In coming weeks, IBM is expected to launch a bundling, co-development and co-marketing program around the resale of Symantec’s storage and cluster software on IBM’s Intel-based xSeries hardware.
IBM Corp.’s pcoming announcement will actually represent a “reannouncement” of a pact formed between IBM and Veritas Software before Symantec Corp.’s acquisition of Veritas last summer, said Lowell Shulman, Symantec’s technical alliance manager for strategic alliances, in an interview.
Initially announced by Veritas on June 20 of this year, the deal is mainly designed to let IBM and its VAR partners resell several Windows and Linux software solutions on IBM PC hardware.
Although the agreement hasn’t gone into effect yet, the delay in implementation is totally unrelated to Symantec’s acquisition of Veritas, he said.
“IBM required time to prepare for launching the sales of [the storage and clustering software] for their direct sales team and through their channel. This included sales training and preparation of the fulfillment system,” according to Shulman.
“There is only one agreement, and it has not been affected by the merger. The [anticipated] IBM announcement signifies that IBM will begin to execute on the agreement. [This] means that the IBM part numbers that relate to [the software] products will be available through configurators, for example.”
The deal stands to benefit Symantec by providing sales access through IBM’s direct and indirect PC channel for the following products: Storage Foundation (Windows and Linux); Cluster Server (Windows and Linux); and Storage Foundation for DB2 and Oracle RAC (Linux only).

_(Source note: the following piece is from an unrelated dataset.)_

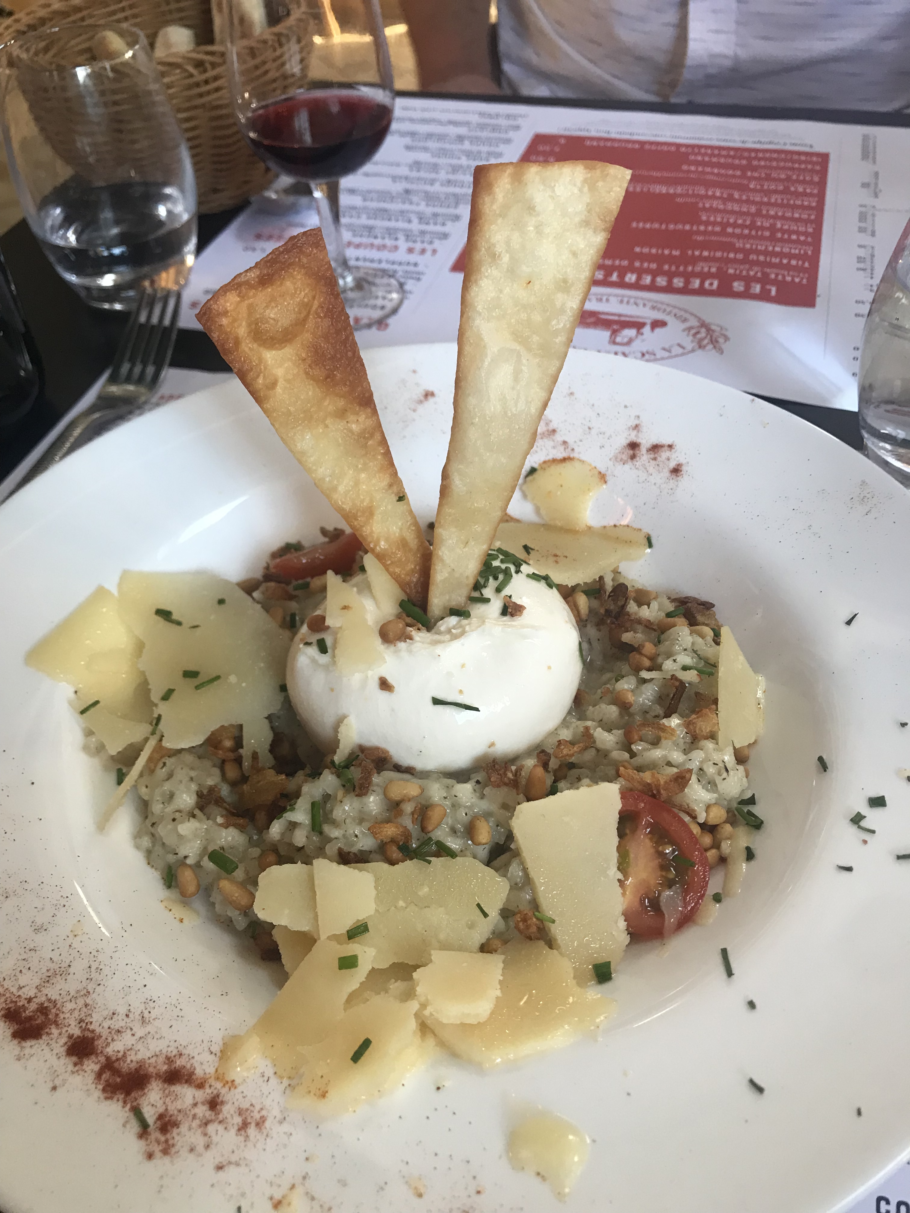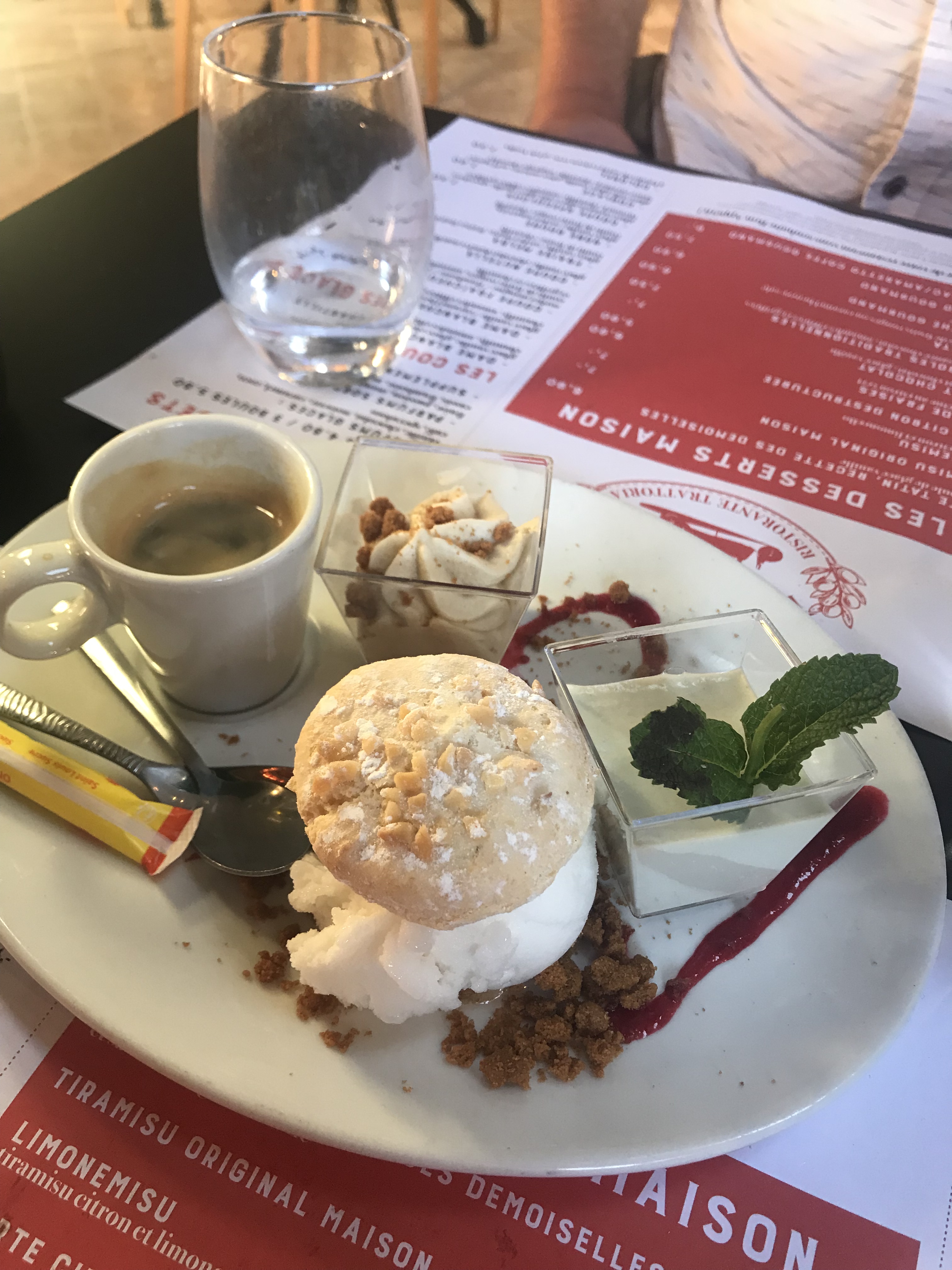 Food was a mixed bag, my starter, a salmon tiramisu was fab, and the main, a risotto with pine nuts and super fresh mozzarella, was also great. The desert is where things went tits. We ordered Café Gourmand to share, the lemon sorbet served on crushed ginger biscuits was the star, but a mini tiramisu that tasted like off-milk, and a mint panna-cotta, that you could have bounced, eek! A real shame but otherwise, a great meal. Special mention to the 3 loud Brits, oh the shame of my fellow countrymen. Bellowing with no indoor volume control, all about how he was at a urinal in a strip club in Vegas….. Then, how I quietly judged as what I think was his slightly sheepish brother, told him not to order La Chouffe beer (one of my absolute faves) because it might be a bit too strong for him. Snigger. The textbook definition of all mouth and no pantalons.

Other terms of the deal also remain the same, according to Shulman. “The [planned] joint development reflects the Symantec/IBM relationship across all of our solutions, including our AIX solutions for [the RISC-based] pSeries and support for IBM storage. This will allow us to bring our AIX solutions to market faster,” he said.
“In other areas, there are discussions [around] how to best optimize our solutions running on IBM hardware. xSeries is a specific focus.”
On the co-marketing side, Symantec will participate in a number of IBM marketing campaigns this year and next, he said.
“For example, we recently held a joint Webcast to review the Storage Foundation for Oracle RAC offering on AIX,” according to Shulman.
In the RISC arena, Symantec also has similar deals in place with Hewlett-Packard Company and Sun Microsystems, Inc. for reselling its storage and cluster software.
“But right now, our agreement with IBM is exclusive on the Intel side, [and] I think it will remain that way,” Shulman said.
An IBM spokesperson has been unavailable for comment about the PC storage software deal.